The Buffalo roams once again across the plains of Overclockers Online. Just over two months ago, a set of Buffalo FireStix made an appearance here with a 1GB memory kit. There was a lot of interest in the FireStix line then and even more so now. Buffalo Technology Inc. is a worldwide leader in network solutions, multimedia devices, storage hardware, and of course memory. Buffalo Technology is an international corporation and has offices in Taiwan, UK, Germany, Ireland, and Japan as well as Austin Texas in the USA.

Having supplied the IT industry for more than 30 years now, Buffalo Technology has interest in a lot of different markets and is primarily known in the business world for providing technology solutions for a broad range of needs. In their effort to increase brand awareness in the end-user market and primarily the enthusiast memory segment, Buffalo Technology released the much talked about FireStix line of memory.

Designed with extreme performance in mind, the FireStix line of memory is positioned to fight with the other big names in the performance memory market. Today I will be looking at a PC2-8000 part which means DDR1000 as the rated frequency at 5-5-5 timings with only 2.1v. I have the 2x1GB kit, part #FSX1000D2C-K2G, here for testing today and I am pretty excited about these modules. There should be plenty of overclocking headroom so if you are looking for your next kit of memory to push your system, have a look inside.

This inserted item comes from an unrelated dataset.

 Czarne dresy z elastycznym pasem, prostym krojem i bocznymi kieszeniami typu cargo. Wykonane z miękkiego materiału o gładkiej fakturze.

Page 2 : Package & Contents

Welcome to the graphical portion of the evening where I will be guiding you through a visual experience of the Buffalo FireStix and the package they come in.

We have all seen this before and will likely see it again, unless 80% of all memory manufacturers change their module package overnight…which won't happen. The plastic blister pack has become and continues to be the package of choice. I have no complaints with this as the modules are well protected and easy to transport.

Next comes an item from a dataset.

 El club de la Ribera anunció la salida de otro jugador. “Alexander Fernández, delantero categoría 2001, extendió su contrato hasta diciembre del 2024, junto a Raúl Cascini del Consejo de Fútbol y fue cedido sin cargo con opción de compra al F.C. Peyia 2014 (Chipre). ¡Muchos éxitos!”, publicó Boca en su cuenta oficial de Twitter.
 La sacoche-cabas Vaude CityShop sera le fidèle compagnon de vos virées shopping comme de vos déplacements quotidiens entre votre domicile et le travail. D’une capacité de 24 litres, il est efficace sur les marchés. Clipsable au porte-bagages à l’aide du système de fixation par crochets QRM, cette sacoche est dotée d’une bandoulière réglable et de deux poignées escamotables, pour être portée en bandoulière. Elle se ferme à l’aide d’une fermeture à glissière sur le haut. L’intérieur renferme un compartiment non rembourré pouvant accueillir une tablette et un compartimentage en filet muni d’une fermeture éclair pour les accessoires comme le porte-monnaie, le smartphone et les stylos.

The FireStix logo is proudly displayed along the top of the transparent package by way of a cardboard insert. There is no actual information on the package itself or the insert about the modules inside. These are generic pieces that are used with all variations of the FireStix module and help keep costs down. All indications of what modules are inside are provided by way of the stickers we see here on the modules heatspreaders.

There is a third identification sticker on the cardboard insert at the side seen here. Also notice the staple securing the two halves of the plastic package. Some manufacturers don't use a staple and that is fine but there is no such thing as too much protection. There are two staples, one on each side of the package that help keep it closed as some of these packages have the habit of popping open.

The backside of the cardboard insert is just typical advertising type stuff and most of it will be seen in just a bit in the specifications section. In the bottom left corner of the insert, Buffalo has their web site listed. I noticed that since the last FireStix review, Buffalo has done a major overhaul to their global and geographical sites. I highly recommend a quick visit as it is quite a nice upgrade from the old one.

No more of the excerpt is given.